Reclamar a un hotel por encontrar garrapatas en la cama, querer devolver a un perro porque no era de la raza que se creía o querer librarse de una multa por encaramarse a un monumento. Estas son algunas de las reclamaciones más curiosas (y extrañas) que hemos recibido en reclamador.es en los últimos meses y que queremos compartir contigo.
Todos hemos tenido que lidiar en alguna ocasión con una mala experiencia o situación desagradable. Tanto al comprar un producto como al disfrutar de un servicio. Por eso, hemos querido comenzar una serie de publicaciones en las que contaremos cuáles han sido las reclamaciones más curiosas que han llegado a nuestras manos. Muchas no son reclamables, o nuestros servicios no las cubren, pero no tienen desperdicio alguno. ¡Allá van!
¡Dulces sueños!
Viajar siempre es sinónimo de vivir experiencias nuevas. El problema viene cuando las experiencias son tan nuevas que terminan siendo desagradables. Es el caso de la pareja que encontró a unos curiosos compañeros en la cama de su hotel, en Berlín: ¡unas garrapatas!
Como es lógico, reclamaron la aparición de estos ‘inquilinos’ en su dormitorio: “pedimos la devolución de algo del dinero que habíamos pagado. Pero nada, sólo nos ofrecieron cambiar de habitación”.

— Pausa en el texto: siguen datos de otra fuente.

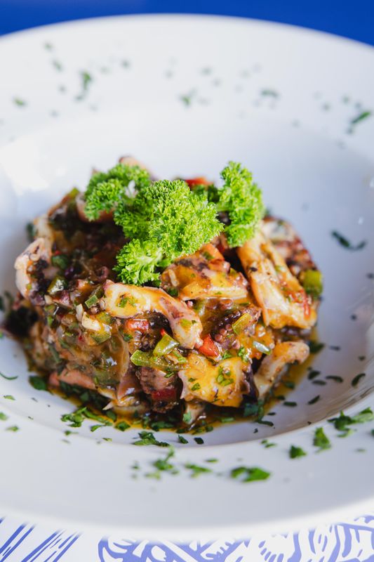 São 13 os novos pratos, devidamente assinalados nos menus entregues na mão dos clientes, à mesa. Nas entradas frias há agora salada caesar de gambas, salada de bacalhau e uma bem temperada salada de polvo; e nas entradas quentes, cogumelos portobello salteados e pica-pau de atum com amêijoas. Nos principais de peixe são novos o arroz de carabineiro e a lula grelhada ou al ajillo (o mesmo molho de alho, piri-piri e salsa picada das gambas).
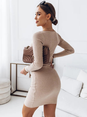 Brown Round Neck Solid Long Sleeves Bodycon Polyester Knee Length Dress

En este caso, el hotel sí facilitó una solución al problema. No obstante, los afectados también podrían haber puesto una hoja de reclamación en el hotel. Eso sí, esto no implica necesariamente la devolución del dinero de la estancia.
“¿Dónde está mi Lulú de Pomerania?”
Sin abandonar la temática animal, llegamos a la siguiente reclamación, que guarda bastante relación con la anterior. Y ahora verás porqué:
Dicen que los perros (tengan garrapatas o no) se parecen a sus dueños. Pero también se parecen entre ellos, y hay que tenerlo muy en cuenta.
Después de haber pasado un año, Gimena se dio cuenta de que la raza de su perro no era la que ella había comprado. O, al menos, la que ella creía. Así que decidió poner una reclamación por supuesta estafa:
“Va a hacer un año compré un perro en una tienda de animales muy reconocida de Barcelona, y para mi sorpresa, no es la raza que yo compré, sino otra muy parecida. Mi perra es un Spitz Alemán, pero… ¿¡Dónde está mi Lulú de Pomerania!?”.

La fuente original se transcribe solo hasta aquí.